Curbing Healthcare Costs Resized

One of my good friends, Bob, runs a small manufacturing company in Massachusetts. Bob’s company has just over 100 employees and is profitable. Last year, the company generated over $10 million in revenues with $1 million income. While the business is growing, Bob is concerned— his company’s annual healthcare cost keeps rising, and he doesn’t know how to control it. His company’s insurance premium was more than $1 million last year, and  it is slated to increase by 5% this year – equivalent to costs of one employee. What frustrates Bob the most is that his employees have been consuming less healthcare services than in past years. Though the employees see doctors less, his company keeps paying more.
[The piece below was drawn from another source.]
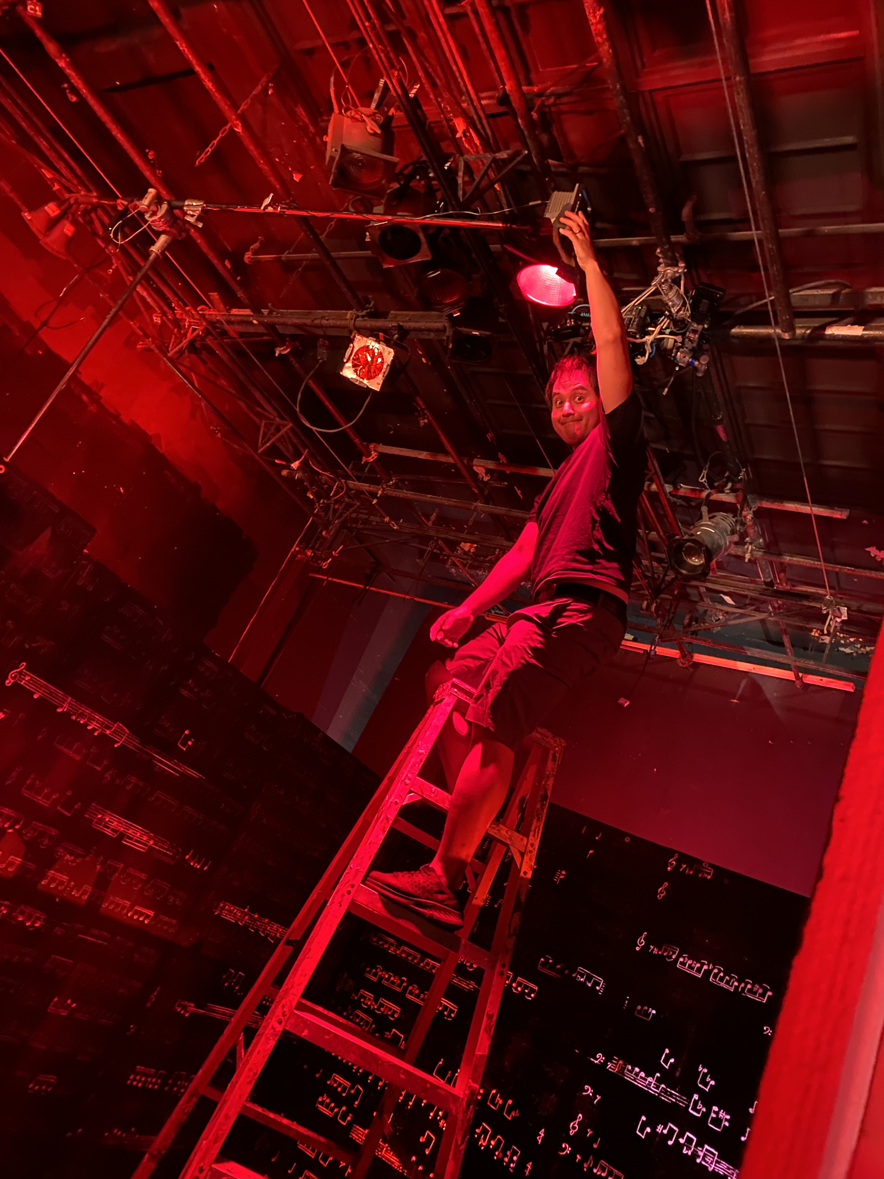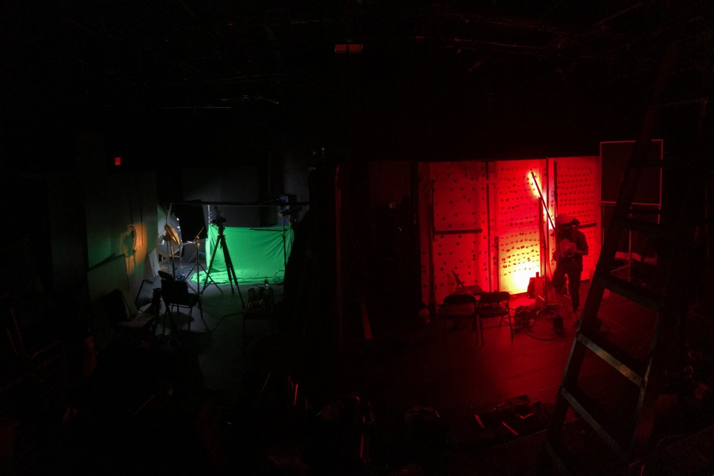 Ja’rel Ivory, assisted by Keisuke Koijima, attaching the camera to the overhead grid. For the overhead shots of the protagonists trapped in the cell. Once the camera was turned on it stayed on until someone climbed the ladder again. Which means we ended up with one two hour long uninterrupted take of me alone in the cell being put through my horrific paces.

Bob’s story is a familiar problem for many companies and individuals today. For companies who are too small to be self-insured, healthcare costs continue to rise even if their employees remain healthy. Rather than paying for the amount of care his employees consume, Bob thinks that his company is tasked with unfairly subsidizing the costs of care for a larger, less healthy population. Certainly, this cost subsidy engine drives every insurance model, but if the financial burden on these small businesses becomes too severe, they could face significant pressure which could lead to workforce reduction and declining productivity.

In The Innovator’s Prescription, Clayton Christensen proposes that the integrated fixed fee (IFF) provider model offers one possible solution to this thorny problem. An IFF provider has its own insurance provider under its corporate umbrella, and charges every member a fixed fee (either monthly or annually) for all the care that they need. Kaiser Permanente of California and Intermountain Health Systems in Utah are two well-known IFF providers in the U.S. Unlike the traditional health system model where the hospital or health network profits by increasing the patient volume, IFF providers profit when their members remain healthy and stay out of the hospital. Therefore, even if hospitals see declining revenues and profits, the integrated network as a whole sees growth in revenues and profits. The model grows from member retention, so focus on care quality and patient satisfaction are core values.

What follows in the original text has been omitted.